## Work instructions
The reply should contain all the data below, repeated exactly, and none of the images.

## Dataset extract
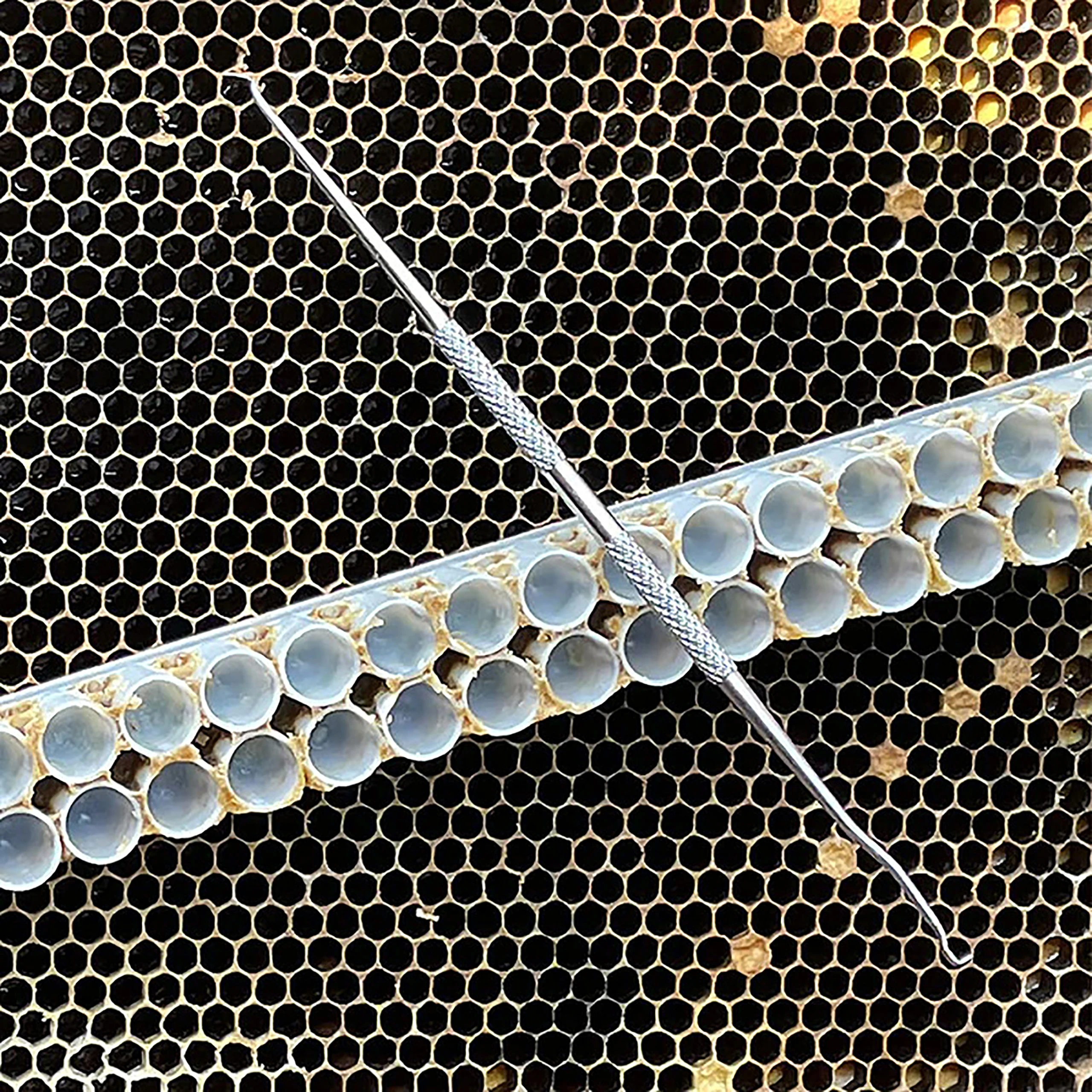 Using this grafting tool you can precisely transfer individual bees onto the queen cell cup.
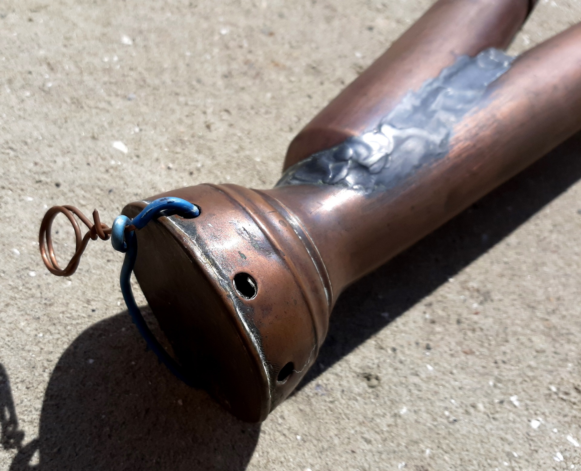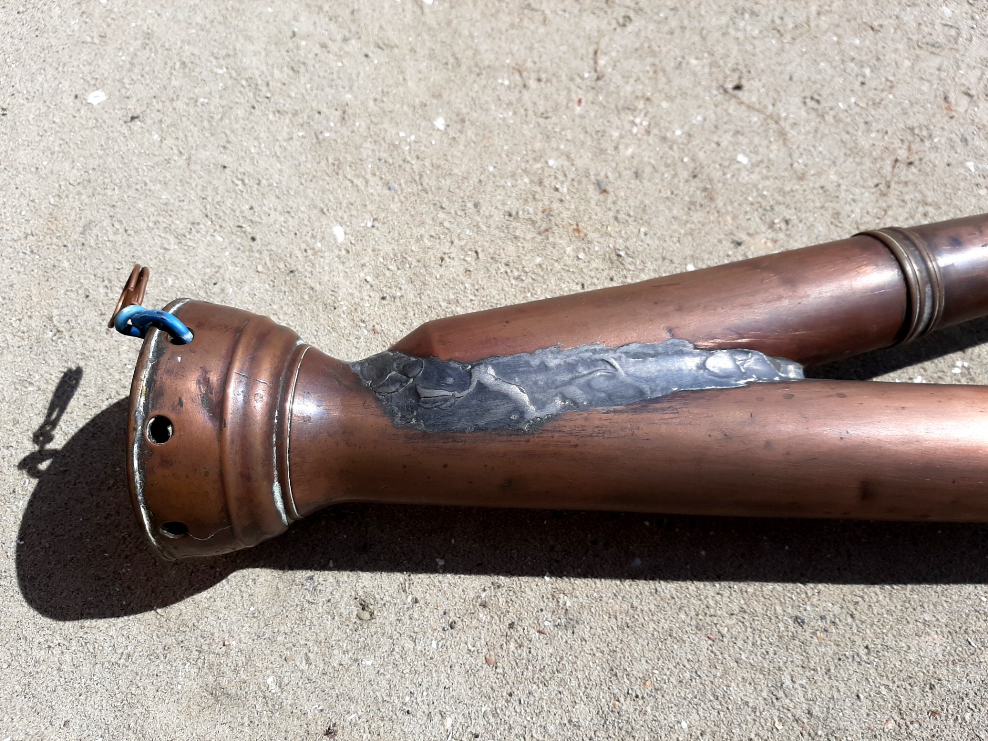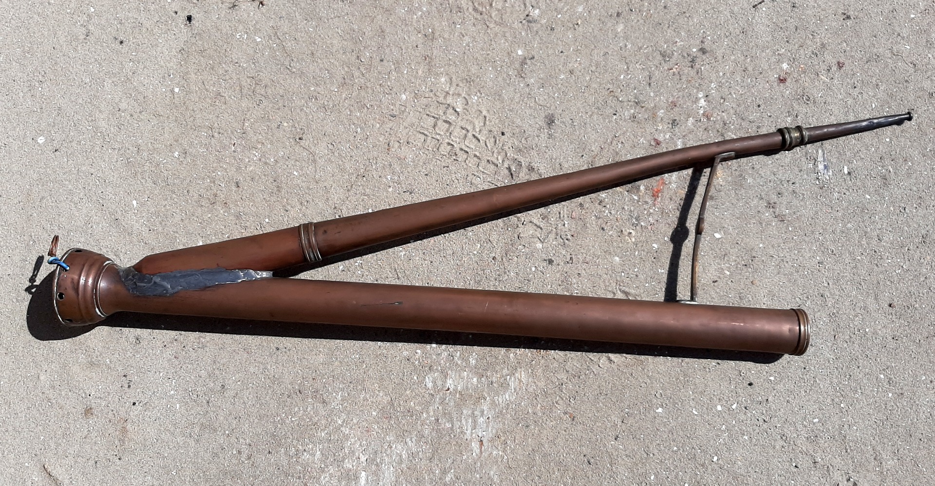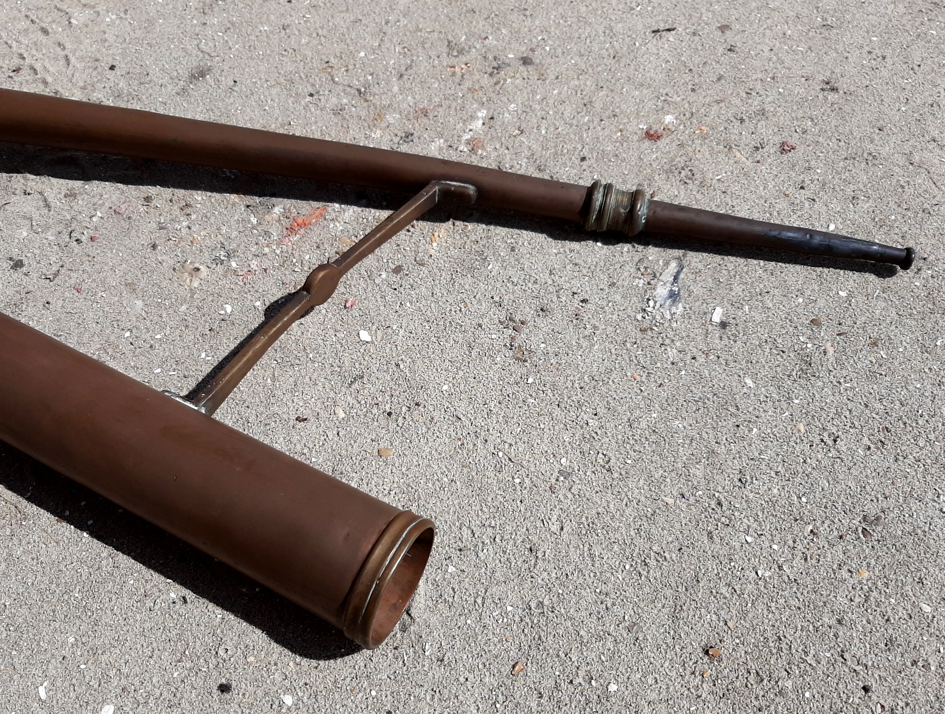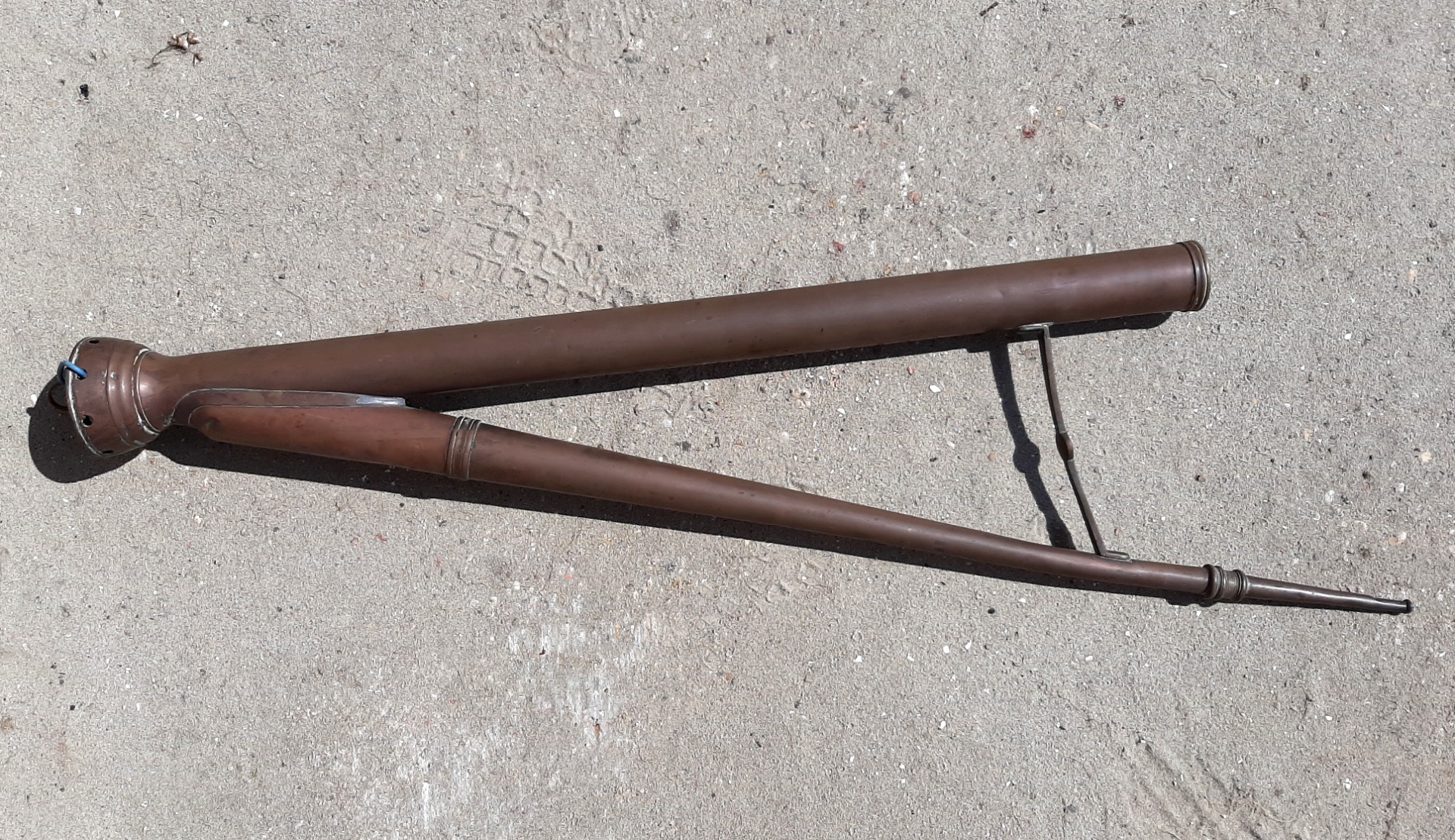 Antieke glazenspuit. De koperen dop ontbreekt helaas. Afmetingen: De buis is 74 cm. lang. De smalle pijp is 89 cm. lang Het totaalgewicht is 1,5 kg.
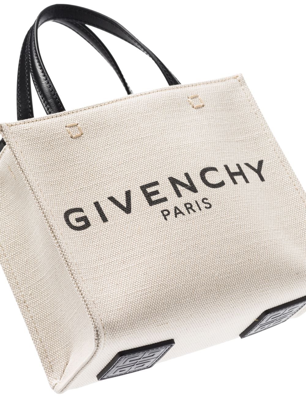 logo-print tote bag from GIVENCHY featuring off-white, jet black, leather, logo print to the front, logo-debossed patch to the rear, two top handles and main compartment.

## Result below
 Using this grafting tool you can precisely transfer individual bees onto the queen cell cup.
 Antieke glazenspuit. De koperen dop ontbreekt helaas. Afmetingen: De buis is 74 cm. lang. De smalle pijp is 89 cm. lang Het totaalgewicht is 1,5 kg.
 logo-print tote bag from GIVENCHY featuring off-white, jet black, leather, logo print to the front, logo-debossed patch to the rear, two top handles and main compartment.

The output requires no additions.